When messaging higher-ups at work, one is expected to compose messages in a formal tone. But a hospitality employee in Australia got fired for not using smileys while texting her boss.
According to local news website news.com.au, Kristen Gordon was working as a full-time contractual supervisor at Sens Catering Group, which operates two coffee shops in Gold Coast and Brisbane. Gordon was in charge of staff rostering and timesheets for about 14 months.
The employee raised concerns with her manager Phoebe Wang last March about hiring more workers, as her staff were being sent to their other cafe's branch on weekends.
Brisbane Times reported that Gordon also told Wang that prior to her being manager, they typically operate as a five-man team to handle the cafe's "weekend rush." Wang previously insisted on having only four workers during weekends.
Wang got triggered with Gordon's response, claiming she was being “unfriendly" as her messages have "no emotions." Gordon “didn’t add any smiley faces," a colleague who was with Wang said.
The colleague in question also said Wang wanted Gordon fired immediately. "Hire another supervisor, I don’t care about the cost," the colleague recalled, as Brisbane Times reported.
According to news.com.au, Wang also allegedly smashed her phone on the counter and jumped up and down.
Gordon was dismissed the very next day, with the company saying "the business is getting rid of any staff that didn’t agree with the owners."
The dismissal was difficult for Gordon, especially since she was going through an in-vitro fertilization procedure at the time following a miscarriage.

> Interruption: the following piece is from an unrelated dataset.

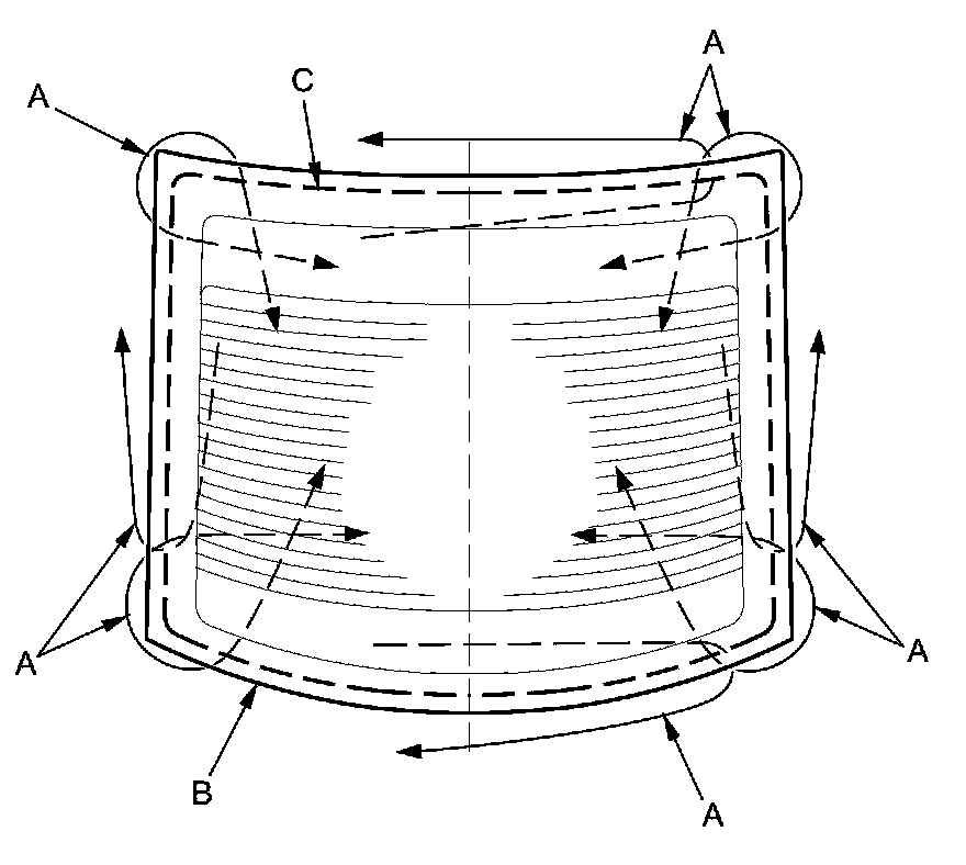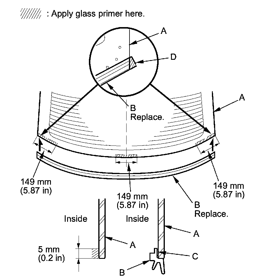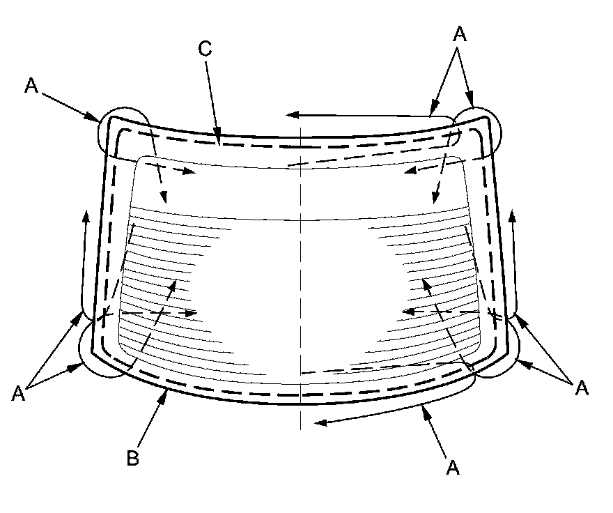 12. Apply glass primer to the edge of the rear window (A) where the lower rubber dam (B) will be attached as shown. Attach the lower rubber dam with adhesive tape (C) to the lower edge of the rear window:

Gordon brought the matter to the government's Fair Work Commission (FWC), and ruled early this week that she was unfairly dismissed.
“The evidence supports a conclusion that [Gordon] was merely trying to express a view as to what would be in the best interests of the business in regard to staffing across the two venues,” Brisbane Times quoted FWC Commissioner Chris Simpson as saying. “There is nothing else to support a conclusion that her actions constituted a valid reason for dismissal."
Simpson also pointed out that Wang was "aware" of Gordon's IVF procedure, and her termination had a "significant financial impact" on that.
The FWC demanded Sens Catering Group to pay Gordon $5,357 (about P300,000) in compensation, plus 9.5% superannuation on that amount.